Look below for the line with "Sur une base" and the line with "Spread half the"; repeat exactly those two lines and all lines between them, but no pictures.

*** Exercise materials ***

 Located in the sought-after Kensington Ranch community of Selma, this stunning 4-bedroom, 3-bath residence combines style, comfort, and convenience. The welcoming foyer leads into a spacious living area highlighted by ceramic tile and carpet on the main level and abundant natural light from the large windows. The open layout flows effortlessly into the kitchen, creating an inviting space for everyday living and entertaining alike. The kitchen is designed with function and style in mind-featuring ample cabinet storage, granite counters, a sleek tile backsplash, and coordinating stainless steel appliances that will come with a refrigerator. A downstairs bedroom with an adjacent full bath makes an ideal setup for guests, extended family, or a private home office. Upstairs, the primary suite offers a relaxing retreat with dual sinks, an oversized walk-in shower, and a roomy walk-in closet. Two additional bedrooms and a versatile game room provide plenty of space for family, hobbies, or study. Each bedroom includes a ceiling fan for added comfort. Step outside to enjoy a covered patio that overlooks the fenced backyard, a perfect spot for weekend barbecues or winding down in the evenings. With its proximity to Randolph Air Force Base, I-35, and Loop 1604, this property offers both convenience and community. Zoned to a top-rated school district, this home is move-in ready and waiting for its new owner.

*** End of Exercise materials ***
*** Exercise materials ***

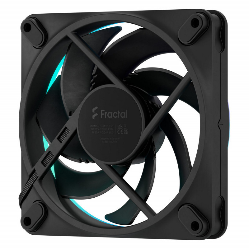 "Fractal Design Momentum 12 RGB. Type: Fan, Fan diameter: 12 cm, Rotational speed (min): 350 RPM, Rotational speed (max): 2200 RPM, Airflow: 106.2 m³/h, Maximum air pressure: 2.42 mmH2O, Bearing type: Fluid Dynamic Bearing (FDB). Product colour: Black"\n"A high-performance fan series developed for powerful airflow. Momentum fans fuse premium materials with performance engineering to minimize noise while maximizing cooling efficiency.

*** End of Exercise materials ***
*** Exercise materials ***

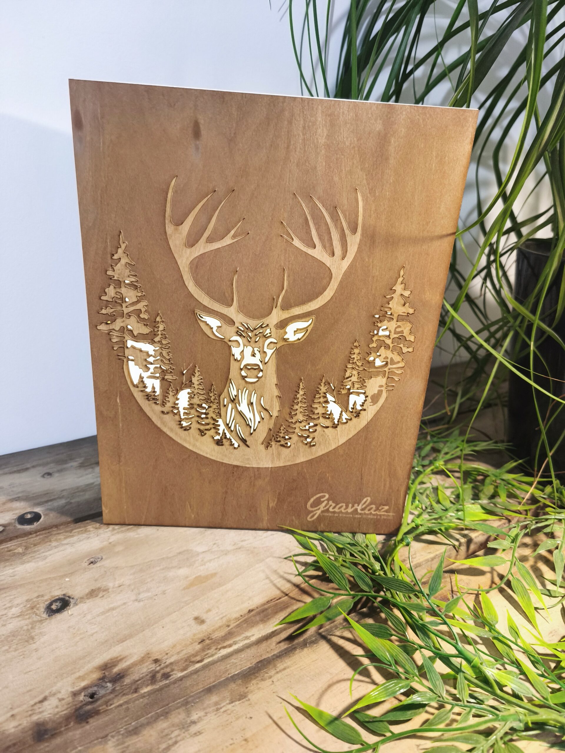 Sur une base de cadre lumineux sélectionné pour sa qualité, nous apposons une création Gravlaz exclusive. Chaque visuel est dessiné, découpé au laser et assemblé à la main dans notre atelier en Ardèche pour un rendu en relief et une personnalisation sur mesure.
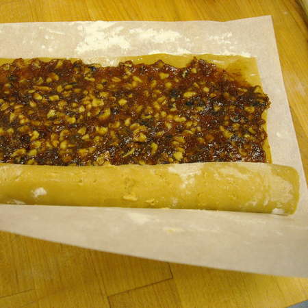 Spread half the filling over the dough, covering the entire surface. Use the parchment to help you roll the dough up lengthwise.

*** End of Exercise materials ***

◆ **Response area**
 Sur une base de cadre lumineux sélectionné pour sa qualité, nous apposons une création Gravlaz exclusive. Chaque visuel est dessiné, découpé au laser et assemblé à la main dans notre atelier en Ardèche pour un rendu en relief et une personnalisation sur mesure.
 Spread half the filling over the dough, covering the entire surface. Use the parchment to help you roll the dough up lengthwise.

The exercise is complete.